The ‘I’ Word

2018

Our son’s epilepsy started when he was about 13, initially as absences and then full blown seizures.  There often isn’t a reason as to why epilepsy should start, and it is quite common for children to develop it for a few years at puberty.  My observation though, is that any major shock, whether it be physical (bang on the head/car accident etc.) or psychological (some sort of trauma) could trigger epilepsy.   Sadly in our son’s case he definitely fell into the latter bracket, having watched his only sibling lose her life to leukaemia when she was 8 and he was 10.  His boat was rocked in a way none of us could imagine.  Life is cruel.

To cut a long story short, for the next seven years our son’s epilepsy proved to be of the very poorly controlled variety, and invaded every aspect of his life… and most of ours!  At its peak we went to A&E on 64 occasions within a two year period.  However, when he was twenty he finally had an VNS – vagus nerve stimulator implant fitted and since the then he has gradually crawled, climbed, staggered back to a more normal life.

We could give you a list of the disability employment organisations who failed him in his futile attempts to get work.   His CV was quite lengthy due to mountains of voluntary work and work experience, but all to no avail, and living in a semi-rural area relying on the ever decreasing local bus service, didn’t help.
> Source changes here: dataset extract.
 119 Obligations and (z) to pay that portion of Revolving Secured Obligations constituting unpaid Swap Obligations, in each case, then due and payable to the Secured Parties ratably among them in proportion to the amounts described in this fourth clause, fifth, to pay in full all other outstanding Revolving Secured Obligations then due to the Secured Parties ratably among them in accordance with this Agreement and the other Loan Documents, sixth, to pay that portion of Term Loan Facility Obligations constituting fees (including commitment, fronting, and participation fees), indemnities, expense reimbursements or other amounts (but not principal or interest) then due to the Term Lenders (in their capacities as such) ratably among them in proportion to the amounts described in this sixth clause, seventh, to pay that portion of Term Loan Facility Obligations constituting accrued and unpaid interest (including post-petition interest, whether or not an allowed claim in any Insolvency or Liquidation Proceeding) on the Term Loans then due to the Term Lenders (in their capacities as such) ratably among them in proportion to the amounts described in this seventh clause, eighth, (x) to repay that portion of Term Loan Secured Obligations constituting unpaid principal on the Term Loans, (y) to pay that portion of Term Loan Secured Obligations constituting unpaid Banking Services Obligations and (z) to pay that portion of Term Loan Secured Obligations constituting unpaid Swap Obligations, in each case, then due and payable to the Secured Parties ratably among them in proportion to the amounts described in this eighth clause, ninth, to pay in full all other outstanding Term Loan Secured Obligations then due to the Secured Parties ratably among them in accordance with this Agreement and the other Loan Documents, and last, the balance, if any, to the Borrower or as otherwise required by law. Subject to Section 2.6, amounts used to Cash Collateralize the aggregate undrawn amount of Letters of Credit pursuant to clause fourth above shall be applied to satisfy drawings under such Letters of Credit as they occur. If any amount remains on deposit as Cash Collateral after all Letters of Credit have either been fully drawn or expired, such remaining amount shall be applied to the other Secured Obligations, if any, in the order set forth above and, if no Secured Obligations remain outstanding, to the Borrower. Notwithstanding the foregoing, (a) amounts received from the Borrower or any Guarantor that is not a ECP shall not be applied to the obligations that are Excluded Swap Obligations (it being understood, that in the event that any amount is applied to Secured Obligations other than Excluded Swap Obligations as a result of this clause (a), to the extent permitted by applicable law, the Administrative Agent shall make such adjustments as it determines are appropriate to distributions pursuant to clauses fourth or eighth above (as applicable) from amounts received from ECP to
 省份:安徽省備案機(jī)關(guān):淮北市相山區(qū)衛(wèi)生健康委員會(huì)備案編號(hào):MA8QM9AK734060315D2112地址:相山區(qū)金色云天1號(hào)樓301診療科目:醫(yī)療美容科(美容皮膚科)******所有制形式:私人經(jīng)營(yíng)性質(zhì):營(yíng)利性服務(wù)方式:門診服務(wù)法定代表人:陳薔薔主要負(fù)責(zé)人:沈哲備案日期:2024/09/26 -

However, last year he secured a part-time job with a local well respected supermarket.  I won’t mention the name, but suffice to say he could now fetch you quails eggs in vinegar, or aubergine and feta pate with pink peppercorns at the drop of a hat!    Understandably the managers have had to get over their apprehension about his condition, but now they’ve realised he’s not dropping over the bakery counter or blocking up the special offers aisle every day, most are chilling out.

His employers have had to assess his capability, and yes, there are tasks he can’t or might not be capable of….yet.    At least everyone has now noticed how his confidence has grown, how this tall striking young man (sorry a Mummy speaks!) is desperate to work, to contribute, to make suggestions, to learn, to have fun, to have a voice, indeed, to have …..a normal life.

Our tenants in our buy to let have finally moved out.  I think when two became 2.5 it became bit of a squeeze!  Our son’s 27 now and desperate to escape the clutches of his well meaning, but probably over protective parents!  To live in this little house nearby, seems like spoiling him terribly, when my husband and I consider the grim mice infested places we inhabited before we managed to scrape together enough money for a roof over our heads.  However, it is a different world now, and our son would never be able to afford his own home, even if he worked full time.  So we are taking the bull by horns.  Initially we’ll probably be around most of the time, until cooking, budgeting and domestic skills are moderately in hand.  Long term, the intention would be to get someone to share with him, not as a carer, but just to be around.   However, this move doesn’t come without risk.  Indeed Epilepsy Action has recently reminded us that you are three times more likely to die young if you have epilepsy … not very reassuring, so currently we’re looking into alarms, gizmos and gadgets that might help us sleep better.

We’re just aiming for one word.  It has 12 letters and in Scrabble, it would score 18 or 54 if on the triple.  The definition is “The ability to live your life without help or influence by other people”…….Independence here I come!